Dynamic data masking - Typical Use-case
Requires a masking layer in between the storage component and the application. This type of masking is great when you need to use production environments in a confidential or private manner.
Tokenization
Tokenization is the process of substituting a sensitive piece of data with a nonsensitive replacement, called a token. The token is merely a reference back to the sensitive data, but has no meaning or sensitivity on its own.
Tokenization is able to track back to the original data (two way function), but it is expensive.
Important to make sure proper authentication is being done when storing and accessing sensitive data
Data discovery
Data discovery is the process of finding and identifying sensitive information in your environment.
Approaches to data discovery
Metadata - use meta data to find it
Labels - label sensitive data to find it
Content - analyze the actual content
Data classification
Data classification is the process of categorizing and organizing data based on level of sensitivity or other characteristics.
critical component for risk management, data security, and compliance.
Categories of Sensitive Data
Protected Health Information (PHI)
Personally Identifiable Information (PII)
Cardholder data
Describe types of PII
Nonsensitive PII includes data that can be used to identify an individual, but are publicly available
Sensitive PII information not publicly available
Direct identifiers can be used on their own to identify an individual. (e.g. SSN) 1:1 identification
Indirect identifiers can help narrow down a set of individuals, but cannot be used to identify a single individual on its own (e.g. birthdate)
Aggregate risk
aggregate risk — multiple pieces of information can be combined to create something more sensitive than any of its individual components.
PHI
Protected health information (PHI) is information related to the past, present, or future health status of an individual that was created, used, or obtained in the course of providing healthcare services, including payment for such services.
Can also include PII
IRM
Information Rights Management (IRM) is a data security technology that protects data (typically files, but also emails, web pages, and other information) from unauthorized access by limiting who can view, copy, forward, delete, or otherwise modify or access information (e.g. print, download, etc).

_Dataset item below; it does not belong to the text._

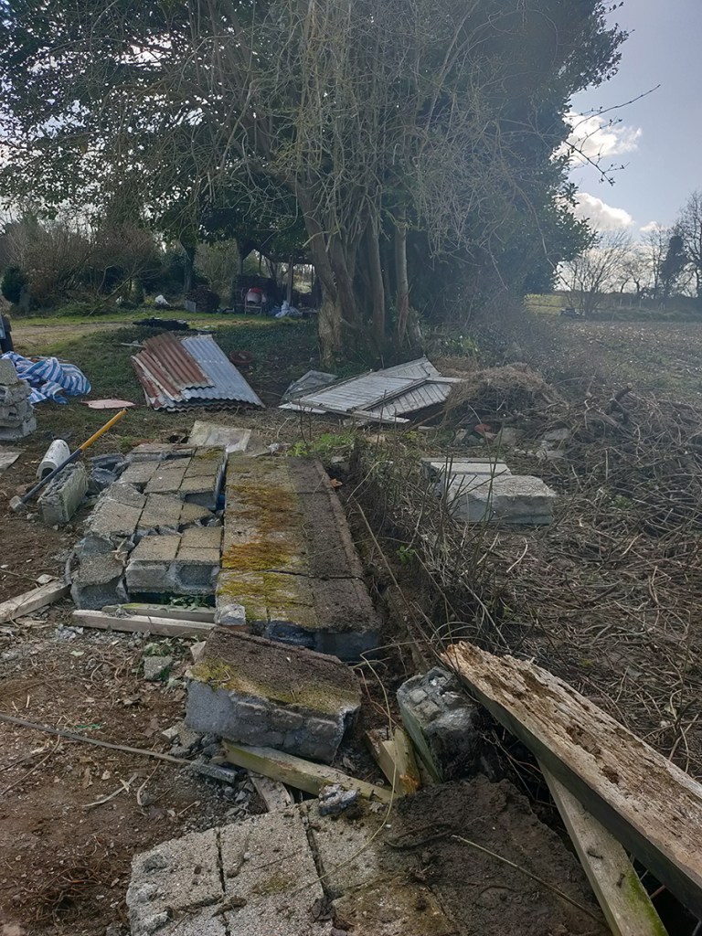 Rien de tel qu’une démolition, pour reprendre la main sur les lieux. Ronces coupées, parpaings entiers mis de côté, déchets jetés.

Commonly implemented with IAM, ACLs and encryption
Digital rights management (DRM)
Uses ENCRYPTION to enforce COPYRIGHT restriction on digital media
Done to protect intellectual property
Two types: Consumer DRM and Enterprise
What recourse does the cloud customer have if inadvertent or malicious disclosure of PII occurs in the cloud WRT the cloud provider? Why?
None. Under current law, no cloud customer can transfer risk or liability associated with the onadvertent or malicious disclosure of PII
Consumer Digital Rights Management
Controlling the access, execution, copying and alteration of copyrighted information from a publisher to the consumer
Enterprise Digital Rights Management
A solution used by the organization to protect assets such as documents and/or email from within the organization or partners
List Key Data Functions
Access
Process
Store
Align Key Data Functions to Data Lifecycle
Access - happens in all phases (Create, Store, Use, Share, Archive, DestroY (ALL)
Process - happens in Create and Use (CPU)
Store - happens in Store and Archive (SAS)
List Cloud IaaS Storage
Volume Storage - Block or File Object Storage Raw Storage Ephemeral Storage Long Term Storage
List PaaS Storage
Unstructured - Non Relational or NoSQL
Structured - SQL or Relational (RDBMS)
List SaaS Data Storage, Describe each
Information Storage and Management System - data entered into web interface and stored in SaaS back end DB
Content or File Storage - file based content stored within application
Content Delivery Network (CDN) - content in object storage distributed to multiple geolocations to improve consumption speed
Data Annonymization - Indirect vs Direct
Direct - sanitization of data that uniquely identified a subject (e.g. name, email, PII)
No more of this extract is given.